"What can the matter be?" Therapeutic Interventions with Parents, Infants and Young Children
Evidence from research and clinical practice points to the benefits of early intervention for families with young children and additional support for the increasing numbers of 'early-years' professionals caring for them outside the family home. The clinical work described in this book was undertaken mainly within the Tavistock Clinic Under Fives Service, which offers a brief treatment model for families with babies and young children experiencing a range of difficulties.

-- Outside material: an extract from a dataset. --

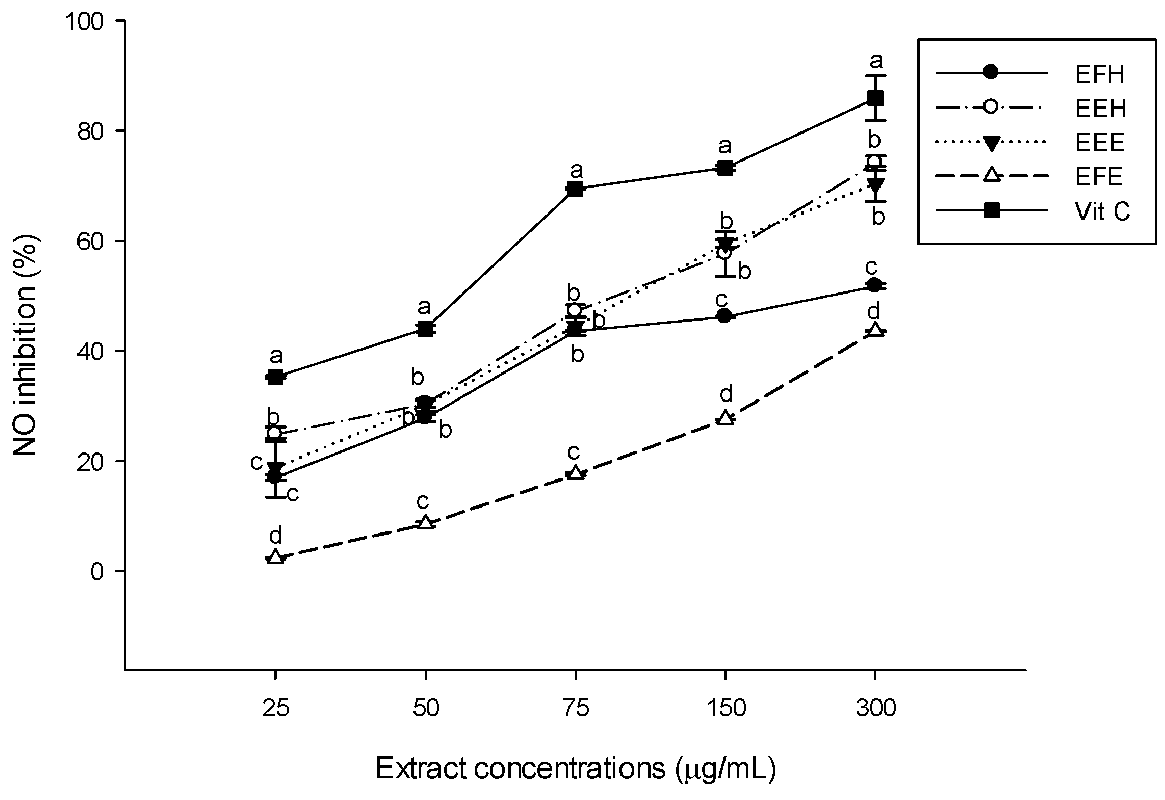 Nitric oxide radical (NO) scavenging potential of the different plant extracts. Values are expressed as mean ± SD of three replicates. In the same concentration the values labeled with different letters differ significantly at p < 0.05. EEE: H. zenkeri (bark) ethanolic extract; EFE: H. zenkeri (leaves) ethanolic extract; EEH: H. zenkeri (bark) hydro-ethanolic extract; EFH: H. zenkeri (leaves) hydro-ethanolic extract; Vit C: Vitamin C.

The title of our book conveys the spirit of reflective enquiry which characterises the Tavistock approach to clinical work with under fives in clinical and community outreach settings. This approach is based on the application of psychodynamic concepts and observational skills to work with families and their young children. It involves conversations with parents and detailed observation of the many communications, verbal and non-verbal, made by their children. As clinicians observe the intricacies of family relationships revealed in the consulting room, their task is to 'puzzle away' at and try to understand the meaning of what is being expressed, making use of their own emotional experience in order to work out 'what the matter can be'. The vivid way in which young children dramatise their experience within the therapeutic setting facilitates the speed with which material unfolds.

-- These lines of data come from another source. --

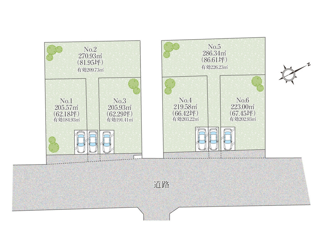 | 建物面積 | - | 土地面積 | 205.57m2~286.34m2(6区画) |
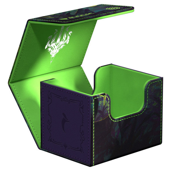 The Sidewinder 100+ made from durable Xenoskin material holds up to 100 double-sleeved or 120 single-sleeved cards, which are kept secure in the deck box thanks to a strong magnetic closure and soft microfiber interior. The sturdy, high-quality Xenoskin surface of the Sidewinder is printed in full color with officially licensed artwork from Magic: The Gathering’s Tarkir: Dragonstorm set.
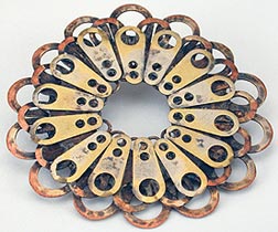 "I met a friend from 6th grade and lo and behold we were both jewelers and she had all the jewelry-making equipment. She showed me how to use the tools and, whenever I took care of her cats, I'd tinker in her studio and melt things. It felt so comfortable; I never had trouble experimenting or figuring things out. I always had a natural sense of how to make things. I began buying tools: a flex shaft, saw, ball peen hammer, and a vice. All my early jewelry had been cold connected - I used lots of riveting - but buying a torch changed that."

The presence of an available mind struggling to understand these often primitive communications resembles the state of maternal 'reverie' described by the psychoanalyst Wilfred Bion: the emotional containment essential for a baby's psychological and cognitive development. However, in many of the families we work with, a lack of adequate emotional containment as a result of depression, trauma, deprivation or neglect, combined with an infant's intolerance of frustration, may result in a misattunement between the primary caregiver and her baby from the early weeks of life. This book addresses the range of interventions offered to families to help redress these difficulties.
The cover illustration, an ordinary family scene invaded by the 'wild things' of a young child's imagination, indicates from the outset that the clinicians represented here are concerned with the internal as well as the external worlds of the child and his parents; how their environment and inner phantasy life impact on and influence each other. Trans-generational transmission of cultural and emotional factors may also contribute to the primitive emotional states which lurk, like the wild animals, below the surface of family life. For example, a three year old child was referred for treatment because of his terrified response to the sound of the family's doorbell ringing, hiding in fear behind the sofa. His play in the consulting room conveyed how, as an only child, he felt threatened by any intrusion of a 'sibling/rival' and fearful of being displaced by another baby. However, another level of disturbance emerged as I began exploring the parents' history and discovered that, as asylum-seekers from a war-torn land, they did indeed live in terror of the doorbell ringing in the middle of the night, with catastrophic consequences: the father had suffered torture in his country of origin and feared being returned there. In the light of this understanding we could recognise that the child was also the recipient of projections of fear from his traumatised parents, who were unable to provide containment of his primitive fears while being so overwhelmed by their own anxieties.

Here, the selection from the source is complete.